Assignment — Print the data below exactly as it stands, and keep the pictures out.

Records contained in a dataset —
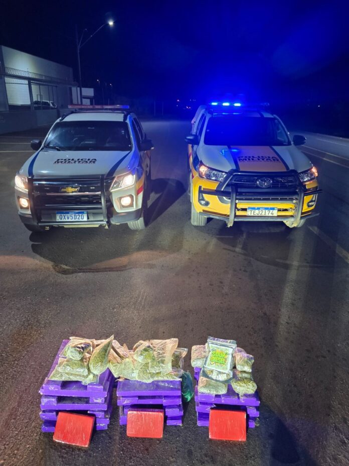 Enquanto realizava Operação Última Parada uma guarnição da Polícia Militar Rodoviária foi informada de que um veículo Fiat/Pálio cor prata, que seguia sentido Patos de Minas, estaria forçando ultrapassagens e colocando em risco os usuários da via. Diante da informação, as guarnições se deslocaram para a BR 365 e, ao visualizarem um veículo com características semelhantes ao do denunciado, determinaram que o condutor o parasse, no entanto, ele desobedeceu e evadiu em alta velocidade. Uma guarnição Tático Móvel e a Patrulha Rural se posicionaram no trevo da Serrinha com a BR 365 e determinaram que o condutor parasse, no entanto, ele novamente desobedeceu e tentou convergir na estrada da Serrinha, ocasião em que, devido à alta velocidade, saiu da estrada e colidiu com uma árvore, sendo dada voz de prisão aos dois homens que estavam no veículo, sendo um de 44 anos e outro de 29 anos. Segundo informações, a droga seria de Uberlândia com destino a Patos de Minas. Diante do exposto, os autores foram conduzidos ilesos à Delegacia de Polícia, juntamente com o material apreendido. 37 barras de maconha; 10 tabletes maconha; 01 pacote de maconha; 17 pacotes de maconha colombian gold; 03 barras de cocaína e 414 comprimidos de ecstasy.
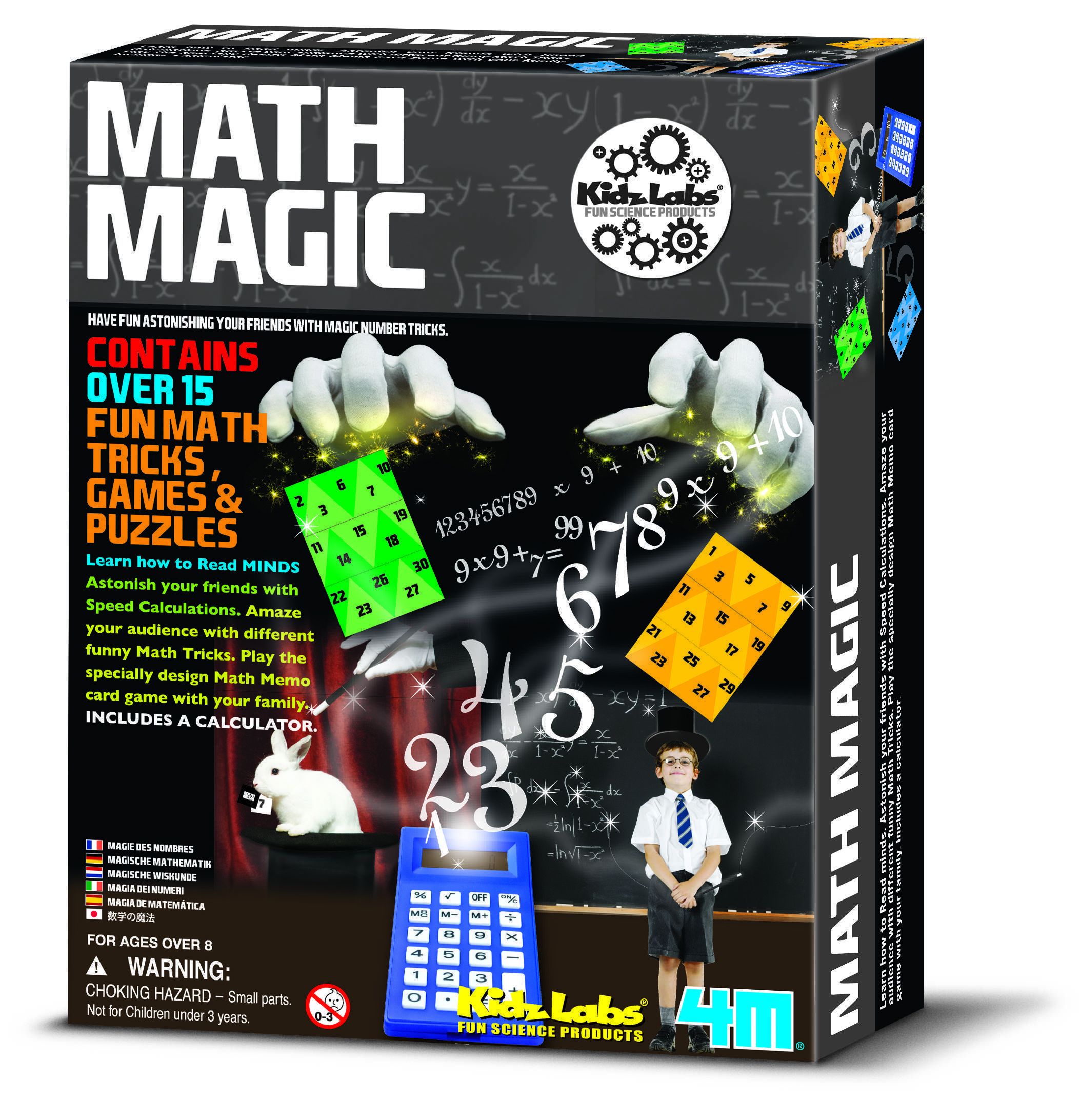 Lõbusta oma sõpru hämmastavate numbritrikkidega. Komplekt sisaldab erinevaid matemaatilisi nippe, trikke ja mõistatusi. Õpi mõtteid lugema ja üllata sõpru kiirarvutamise oskusega. Komplekti kuulub ka kalkulaator.
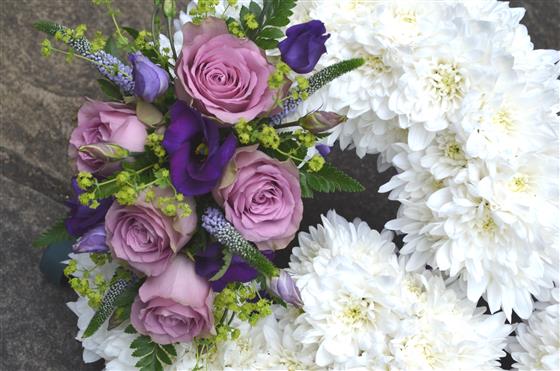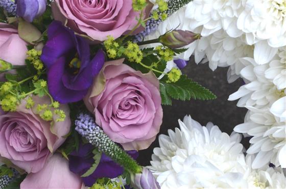 Our massed letter tributes are available with a white chrysanthemum base and sprays in a range of colours.
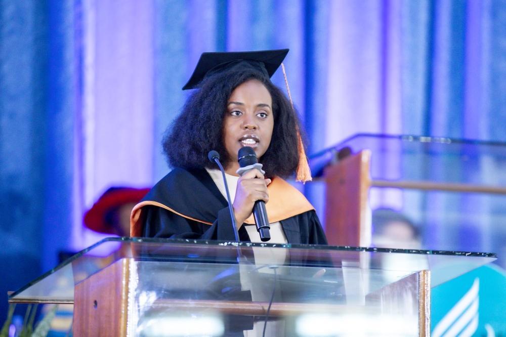 Micheline Nshuti Manzi , representing the graduating class, delivers her message at the ceremony on November 16. Photos by Emmanuel Dushimimana
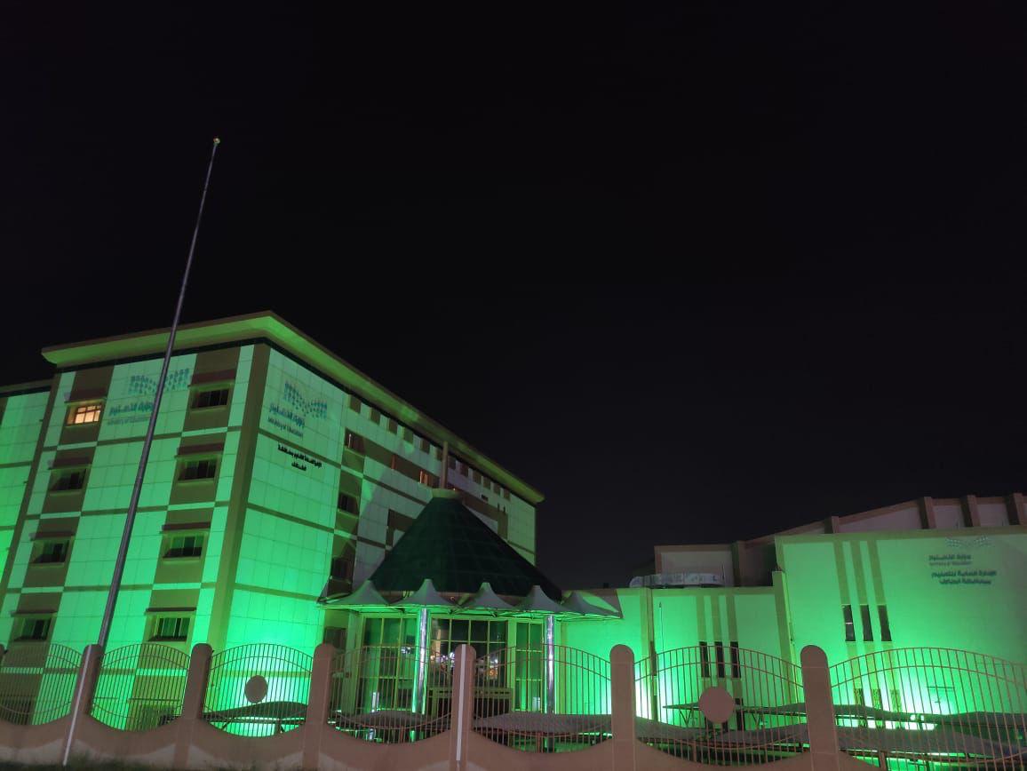 اكتست مباني الإدارة العامة للتعليم بالطآئف ومدارسها ، باللون الأخضر وبشعار يوم التأسيس احتفالاً وابتهاجًا بيوم التأسيس.
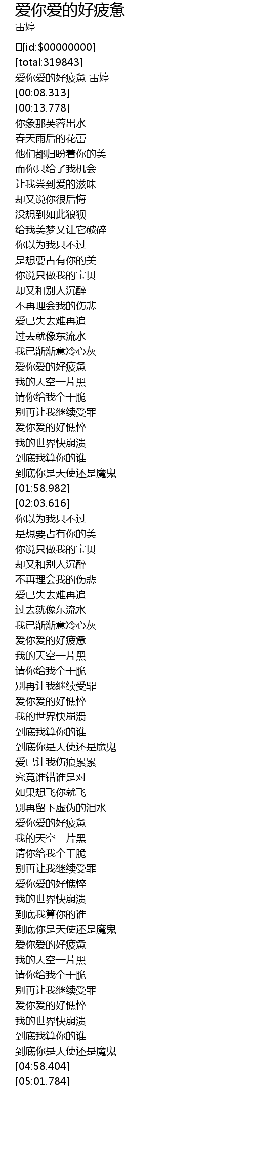 [00:05.328] 爱你爱的好疲惫 雷婷
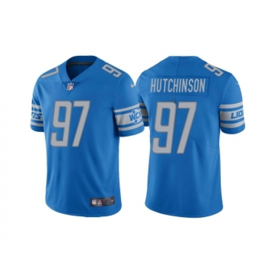 >Men's Detroit Lions #97 Aidan Hutchinson Blue Vapor Untouchable Limited Stitched Jersey
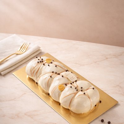 White Chocolate egg with victoria cake, strawberry filling, strawberry mousse
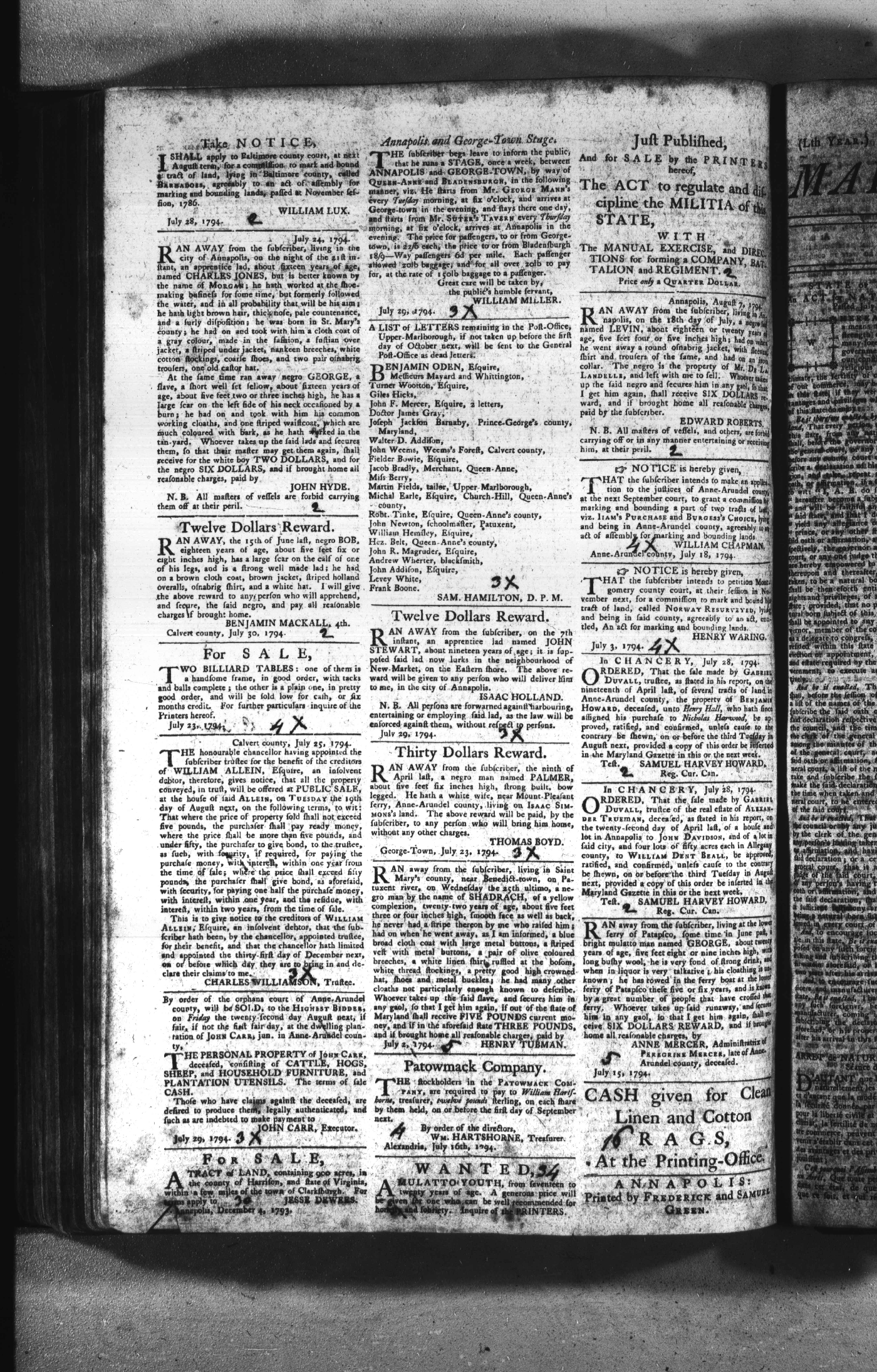 Maryland Gazette Collection (MSA SC 2731) July 5, 1787 - December 25, 1794 M 1284 A Publication of the Archives of Maryland Online Image No: 1628 Enlarge and print image (2M) |
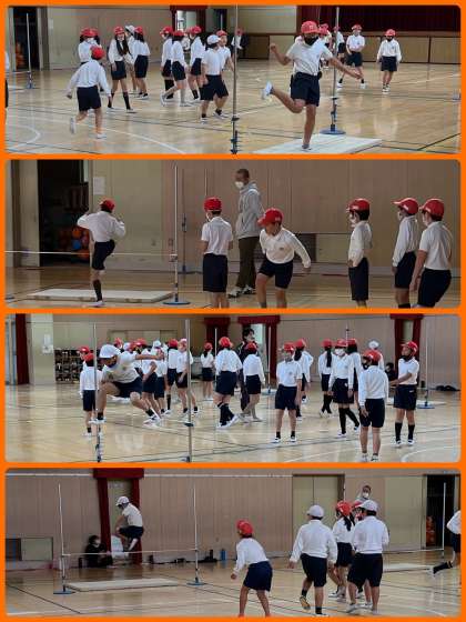 4年生体育の学習は「走り高跳び」。リズミカルな助走から力強く踏み切るのがポイントです。今日は助走の最後の3歩を意識して跳んでいました。どんどん記録を伸ばしましょうね。

Answer space —
 Enquanto realizava Operação Última Parada uma guarnição da Polícia Militar Rodoviária foi informada de que um veículo Fiat/Pálio cor prata, que seguia sentido Patos de Minas, estaria forçando ultrapassagens e colocando em risco os usuários da via. Diante da informação, as guarnições se deslocaram para a BR 365 e, ao visualizarem um veículo com características semelhantes ao do denunciado, determinaram que o condutor o parasse, no entanto, ele desobedeceu e evadiu em alta velocidade. Uma guarnição Tático Móvel e a Patrulha Rural se posicionaram no trevo da Serrinha com a BR 365 e determinaram que o condutor parasse, no entanto, ele novamente desobedeceu e tentou convergir na estrada da Serrinha, ocasião em que, devido à alta velocidade, saiu da estrada e colidiu com uma árvore, sendo dada voz de prisão aos dois homens que estavam no veículo, sendo um de 44 anos e outro de 29 anos. Segundo informações, a droga seria de Uberlândia com destino a Patos de Minas. Diante do exposto, os autores foram conduzidos ilesos à Delegacia de Polícia, juntamente com o material apreendido. 37 barras de maconha; 10 tabletes maconha; 01 pacote de maconha; 17 pacotes de maconha colombian gold; 03 barras de cocaína e 414 comprimidos de ecstasy.
 Lõbusta oma sõpru hämmastavate numbritrikkidega. Komplekt sisaldab erinevaid matemaatilisi nippe, trikke ja mõistatusi. Õpi mõtteid lugema ja üllata sõpru kiirarvutamise oskusega. Komplekti kuulub ka kalkulaator.
 Our massed letter tributes are available with a white chrysanthemum base and sprays in a range of colours.
 Micheline Nshuti Manzi , representing the graduating class, delivers her message at the ceremony on November 16. Photos by Emmanuel Dushimimana
 اكتست مباني الإدارة العامة للتعليم بالطآئف ومدارسها ، باللون الأخضر وبشعار يوم التأسيس احتفالاً وابتهاجًا بيوم التأسيس.
 [00:05.328] 爱你爱的好疲惫 雷婷
 >Men's Detroit Lions #97 Aidan Hutchinson Blue Vapor Untouchable Limited Stitched Jersey
 White Chocolate egg with victoria cake, strawberry filling, strawberry mousse
 Maryland Gazette Collection (MSA SC 2731) July 5, 1787 - December 25, 1794 M 1284 A Publication of the Archives of Maryland Online Image No: 1628 Enlarge and print image (2M) |
 4年生体育の学習は「走り高跳び」。リズミカルな助走から力強く踏み切るのがポイントです。今日は助走の最後の3歩を意識して跳んでいました。どんどん記録を伸ばしましょうね。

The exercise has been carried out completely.